At least myself and The Mother had immediately agreed on the coffin, knowing he would have liked the idea, because talking to the Rector we had disagreed wildly as to what else he had believed. For example, the Rector had asked if he was an religious man: not a surprising question, given that she had probably never seen him inside her church, whereas The Mother is there weekly.**

The Mother: Oh yes, he was always very religious.

Me: Really?

The Rector: I’m sensing some disagreement here…

The Mother: Of course he was religious!

Now, if I have to be completely scrupulous and honest about it, I can’t say. At no point in my life, no point at all, did he ever give me any indication of what he did or did not believe. The only thing I can say is: The Mother, ever since a sudden draught of religiosity when I was young, has gone to church every week as routine as clockwork, dragging me with her until I was old enough to say no. My Dad, barring weddings, funerals etc, went grudgingly once a year to the family event where they give everyone an orange and peanuts.

The Mother: Well, I know he was religious.

I don’t remember, now, what hymns she chose, only that the Rector thought them rather too mournful for a funeral and tried to get her to pick something less depressing.
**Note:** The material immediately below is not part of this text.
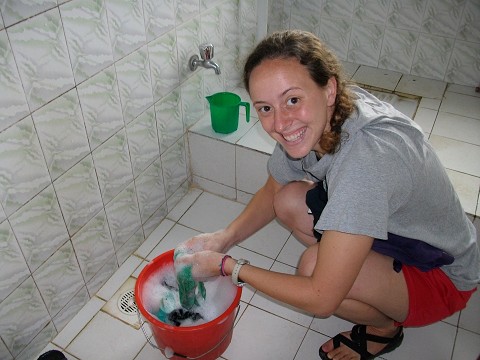 Doing laundry in the bathroom, normally we do it outside but all the women decided to do laundry this day so there was no room, but I made do!

The Mother doesn’t do cheerful at the best of times. The Child Who Likes Animals could not cope with the sound of everyone’s voices around him; I held his ear defenders firmly on his head.
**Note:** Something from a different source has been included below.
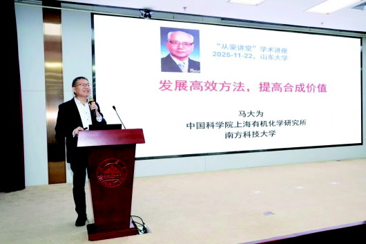 11月22日,山东大学举行首届“邓从豪奖”颁奖典礼,以此纪念这位著名化学家、教育家,并激励新一代化学人才追求卓越。颁奖环节结束后,中国科学院院士、山东大学1980级校友马大为以《发展高效方法,提高合成价值》为题,与师生展开深度交流。

The undertakers hoisted the coffin to their shoulders, and started to process out down the aisle. As we had been told to, the family pews followed behind, through the middle of the other mourners, out into the cold of the church porch. Built in the 1970s, every surface of the church porch seems to be tiled, and at all times of year, whatever the weather, it is freezing cold. The cars were where we had left them, but flipped around.

“Do you want to wait and say thank you to everyone who came?” the Rector asked The Mother.
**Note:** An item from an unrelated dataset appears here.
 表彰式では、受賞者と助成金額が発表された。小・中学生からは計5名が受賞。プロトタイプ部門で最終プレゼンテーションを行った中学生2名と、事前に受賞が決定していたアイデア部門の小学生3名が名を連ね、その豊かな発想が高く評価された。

I was all for staying; it would have been good to shake the hands of anyone who didn’t want to go to the cemetery, or the buffet we’d laid on for afterwards.

“Oh no,” said The Mother, “I just want to get going and get it done with.” And so, to the cemetery, we went.

* One of my dad’s sisters once bought him a ticket for an event he was going to go to anyway, as a present. He was so insulted they refused to speak to each other for over a year.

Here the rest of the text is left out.